[Work request] Go through the material below, tally each line containing "with", and write the tally alone.

[Data for this exercise]
# # # #
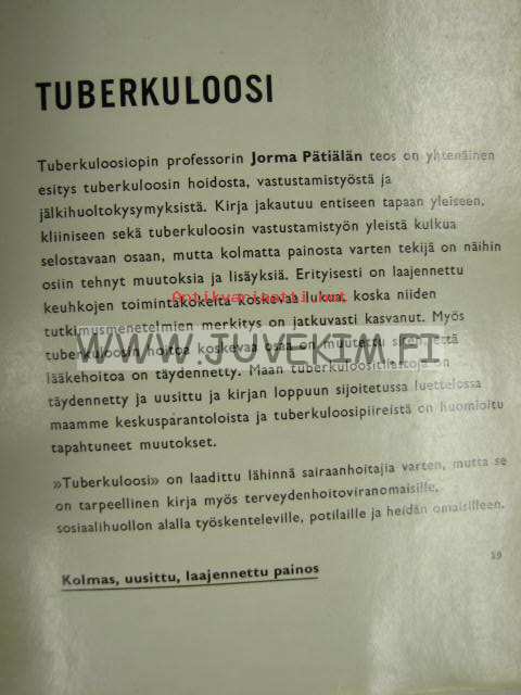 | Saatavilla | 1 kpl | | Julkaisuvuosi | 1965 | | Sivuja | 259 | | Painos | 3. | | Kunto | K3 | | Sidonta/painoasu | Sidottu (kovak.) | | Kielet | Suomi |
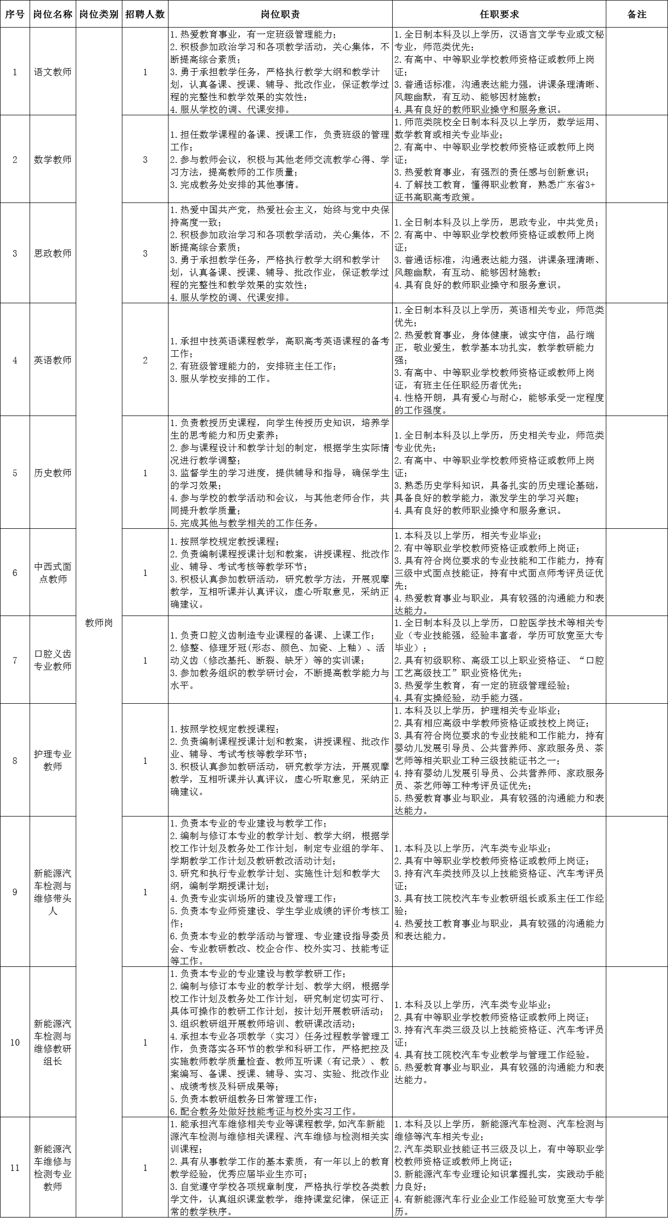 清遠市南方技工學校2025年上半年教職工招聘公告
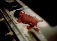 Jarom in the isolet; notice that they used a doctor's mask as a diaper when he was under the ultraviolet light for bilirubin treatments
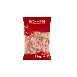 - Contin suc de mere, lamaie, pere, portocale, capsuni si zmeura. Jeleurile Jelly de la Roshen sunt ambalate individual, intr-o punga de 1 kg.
# # # #
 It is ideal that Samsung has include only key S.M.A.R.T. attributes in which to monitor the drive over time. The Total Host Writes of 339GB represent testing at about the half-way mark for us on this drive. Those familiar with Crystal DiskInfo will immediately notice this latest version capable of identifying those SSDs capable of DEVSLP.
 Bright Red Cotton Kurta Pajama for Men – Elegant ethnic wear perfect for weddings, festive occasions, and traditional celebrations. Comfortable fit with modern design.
# # # #
[Response area] 2